Plugin: llm.inference¶
The llm.inference plugin benchmarks LLM serving systems. Phase 1 ships with vLLM on Linux H100; SGLang, TensorRT-LLM, llama.cpp, and MLX are deferred to Phase 2.
pip install inferencebench inferencebench-llm
bench run llm.inference --model meta-llama/Llama-4-Maverick --engine vllm --quant fp8
What it measures¶
The plugin drives prompts through a serving endpoint and measures:
- Time-to-first-token (TTFT). Latency from request submission to first decoded token, in ms. Reported as
p50andp99. - Time-per-output-token (TPOT). Latency between successive decoded tokens, in ms. Reported as
p50andp99. - Throughput. Tokens produced per second across all concurrent requests.

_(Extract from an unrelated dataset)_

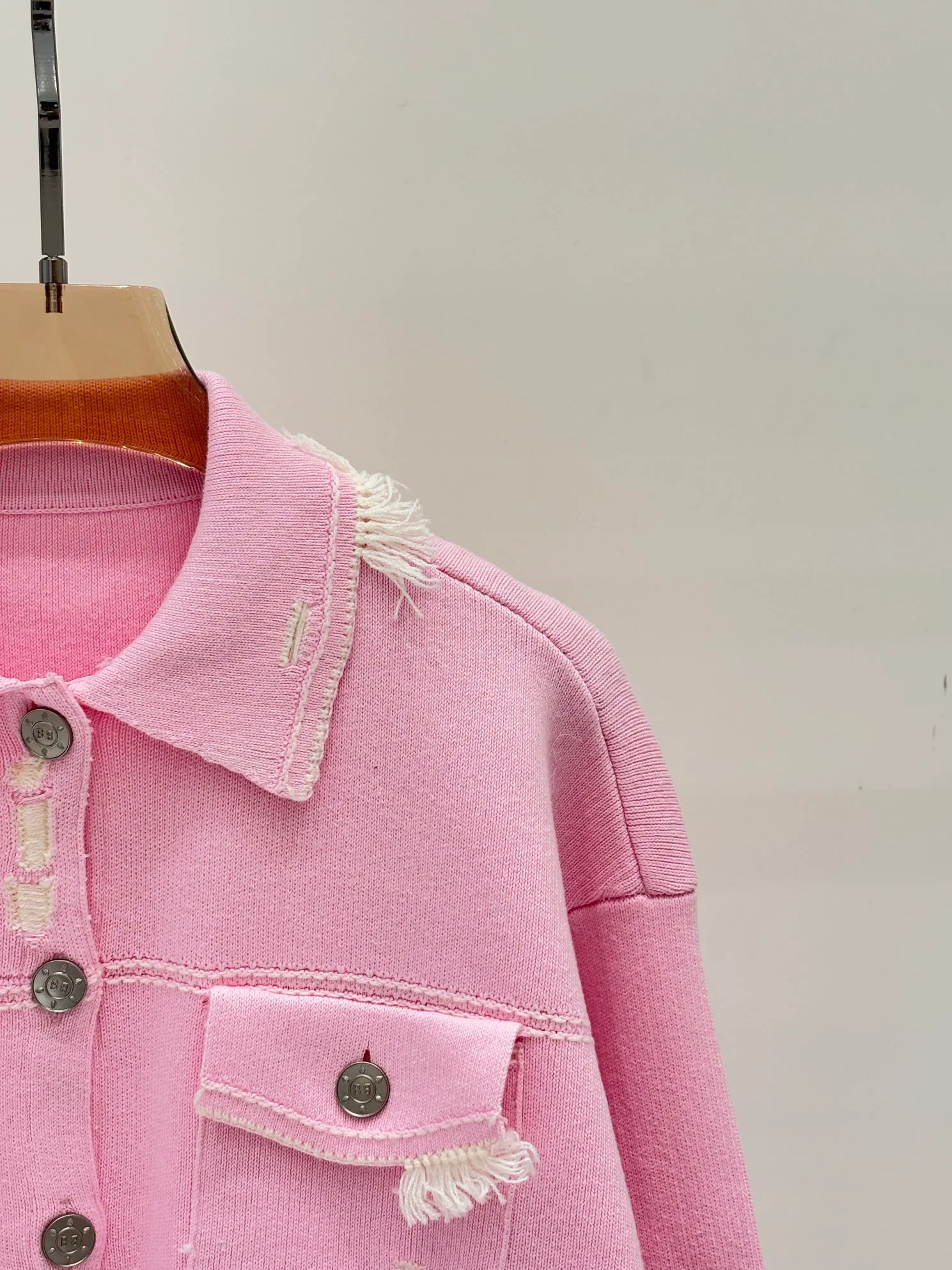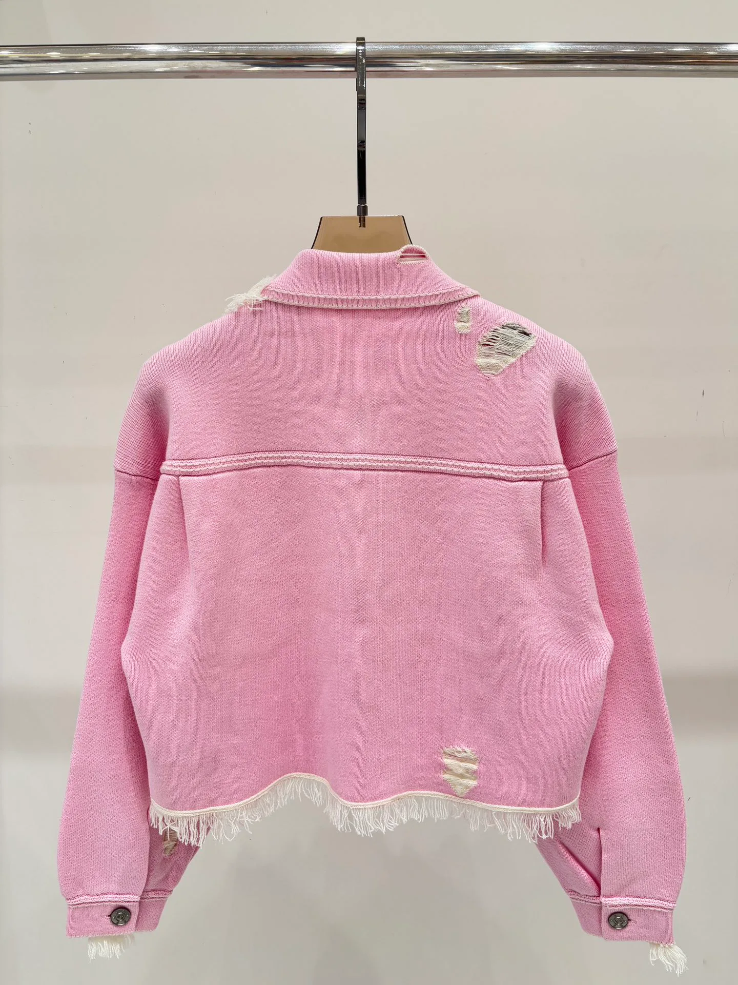 Изготовлен из вязного трикотажа с небольшими декоративными прорезями, которые добавляют урбанистический акцент. Бахрома придаёт образу оригинальность. Удобный открытый тип ношения обеспечивает комфорт в демисезонный период. В наличии размеры S, M, L.

- Goodput at SLO. Tokens-per-second the system can sustain while still satisfying the SLO template.
- Power. Average wall power across the GPUs, in watts.
- Energy per token.
power_avg_w / throughput_tok_per_s, in joules per token. - Cost. USD per million tokens, computed against a published pricing snapshot when the provider is a hosted endpoint.
Datasets¶
Phase 1 ships:
| Dataset id | Description | Size |
|---|---|---|
sharegpt-v3 |
A canonical-ordered subset of ShareGPT V3 conversations | 10K turns |
Additional datasets land in Phase 2.
Engines¶
| Engine | Status |
|---|---|
vllm |
Phase 1 |
sglang |
Phase 2 |
trtllm |
Phase 2 |
llama.cpp |
Phase 2 |
mlx |
Phase 2 |
SLO templates¶
| Template | TTFT p99 | TPOT p99 |
|---|---|---|
llm.standard |
300 ms | 50 ms |
llm.realtime |
100 ms | 30 ms |
llm.batch |
n/a | 200 ms |
Example run¶
bench run llm.inference \
--model meta-llama/Llama-4-Maverick \
--engine vllm \
--hardware h100 \
--quant fp8 \
--concurrency 1,4,16,64 \
--duration 300 \
--slo-template llm.standard \
--seed 42
Expected output (truncated):
Run id: 01J7Q5C6...
Model: meta-llama/Llama-4-Maverick @ fp8 on H100-SXM5-80GB
Engine: vllm 0.7.2
Metrics:
ttft_p50_ms 142.0
ttft_p99_ms 280.3
tpot_p50_ms 18.5
throughput_tok_s 1842.1
goodput_at_slo 142.3 req/s
power_avg_w 612
joules_per_token 0.32
Methodology¶
Three warm-up runs are discarded. The convergence gate requires CoV < 5% across the last 30 requests before measurement begins. The driver is open-loop Poisson at the requested concurrency. Percentile reports include 95% bootstrap CIs (1000 resamples).
For cross-engine comparisons, three independent process launches with different seeds are required. The plugin enforces this when more than one engine is in the comparison.
Known limitations (Phase 1)¶
- vLLM only. SGLang/TensorRT-LLM/llama.cpp/MLX support is Phase 2.
- Linux x86_64 H100 only. Other hardware classes pass the driver but lack tuned engine configs.
- No vision-language models. Multi-modal prompts are Phase 2.
- The cost figure assumes the listed provider's published pricing snapshot; promotional pricing is not reflected.